Nº 70079935441 (Nº CNJ: 0358756-89.2018.8.21.7000)

2018/Crime

HABEAS CORPUS. PRISÃO PREVENTIVA. ART. 580, DO cpp. excesso de prazo.

Presentes os indicativos de que o paciente integra organização criminosa voltada para a receptação e arrecadação de veículos, necessária a manutenção da segregação.

O paciente possui condições pessoais diversas dos corréus que obtiveram a liberdade provisória. Inviável a extensão da medida.
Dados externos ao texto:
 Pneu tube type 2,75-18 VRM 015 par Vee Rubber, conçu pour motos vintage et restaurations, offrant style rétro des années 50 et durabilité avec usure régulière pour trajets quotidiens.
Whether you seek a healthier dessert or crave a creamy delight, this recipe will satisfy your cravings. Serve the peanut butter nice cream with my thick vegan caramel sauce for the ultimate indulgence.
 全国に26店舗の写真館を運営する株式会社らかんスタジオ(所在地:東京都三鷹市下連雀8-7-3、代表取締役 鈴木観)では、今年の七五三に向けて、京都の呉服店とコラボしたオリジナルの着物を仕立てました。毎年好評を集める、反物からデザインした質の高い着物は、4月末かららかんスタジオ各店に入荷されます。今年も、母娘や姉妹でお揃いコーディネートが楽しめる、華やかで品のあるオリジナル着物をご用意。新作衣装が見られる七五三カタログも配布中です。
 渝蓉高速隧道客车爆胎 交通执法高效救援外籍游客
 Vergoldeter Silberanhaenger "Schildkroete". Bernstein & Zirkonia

O processo vem observando os prazos processuais e se desenvolve no tempo necessário, considerando o número de denunciados e sua complexidade. Excesso de prazo não configurado.

ORDEM DENEGADA

Habeas Corpus

Quarta Câmara Criminal

Nº 70079935441 (Nº CNJ: 0358756-89.2018.8.21.7000)

Comarca de Passo Fundo

FLAVIO LUIS ALGARVE

IMPETRANTE

JOAO LUIS DE MORAIS

PACIENTE

JUÍZO DA 3 VARA CRIMINAL DA COMARCA DE PASSO FUNDO

COATOR

ACÓRDÃO

Vistos, relatados e discutidos os autos.

Acordam os Desembargadores integrantes da Quarta Câmara Criminal do Tribunal de Justiça do Estado, à unanimidade, em denegar a ordem.

Custas na forma da lei.

Participaram do julgamento, além do signatário, os eminentes Senhores Des. Aristides Pedroso de Albuquerque Neto (Presidente) e Des. Newton Brasil de Leão.
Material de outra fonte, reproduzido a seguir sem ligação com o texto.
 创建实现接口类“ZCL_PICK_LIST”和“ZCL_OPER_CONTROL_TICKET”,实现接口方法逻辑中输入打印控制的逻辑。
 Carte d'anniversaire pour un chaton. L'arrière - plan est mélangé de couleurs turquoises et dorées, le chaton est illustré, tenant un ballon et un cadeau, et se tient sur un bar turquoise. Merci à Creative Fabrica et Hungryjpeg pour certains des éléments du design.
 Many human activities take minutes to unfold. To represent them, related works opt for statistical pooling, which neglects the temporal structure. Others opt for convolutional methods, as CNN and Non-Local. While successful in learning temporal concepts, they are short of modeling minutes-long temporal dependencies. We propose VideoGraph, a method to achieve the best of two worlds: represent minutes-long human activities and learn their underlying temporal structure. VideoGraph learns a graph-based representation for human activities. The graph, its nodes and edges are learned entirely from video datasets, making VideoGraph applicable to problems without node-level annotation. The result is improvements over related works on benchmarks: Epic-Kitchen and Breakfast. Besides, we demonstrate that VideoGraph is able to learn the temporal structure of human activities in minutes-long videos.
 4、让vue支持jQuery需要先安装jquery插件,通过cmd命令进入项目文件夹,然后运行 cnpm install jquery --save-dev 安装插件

Porto Alegre, 13 de dezembro de 2018.

DES. ROGÉRIO GESTA LEAL,

Relator.

RELATÓRIO

Des. Rogério Gesta Leal (RELATOR)

Trata-se de habeas corpus, com pedido liminar, impetrado em favor de João Luis de Morais, visando sua liberdade provisória.

Alega o impetrante que o paciente teve sua prisão preventiva decretada, encontrando-se preso desde 24.10.2017.

A denúncia imputou a João Luis a prática dos delitos previstos nos artigos , § 2º, § 3º, § 4º, incisos I e III, da Lei nº 12.850/2013 (1º Fato); do art. 180, § 1º, do CP (2º Fato); do art. 180, § 1º, do CP (3º Fato); art. 180, § 1º, do CP (4º Fato); art. 180, § 1º, do CP (5º Fato); do art. 180, § 1º, do CP (6º Fato); do art. 180, § 1º, do CP (7º Fato); do art. 180, § 1º, do CP (8º Fato); do art. 180, § 1º, do CP (9º Fato); do art. 180, § 1º, do CP (10º Fato); do art. 180, § 1º, do CP (11º Fato); do art. 180, § 1º, do CP (12º Fato), combinados com art. 29, caput, do CP e na forma do art. 69, caput, do CP.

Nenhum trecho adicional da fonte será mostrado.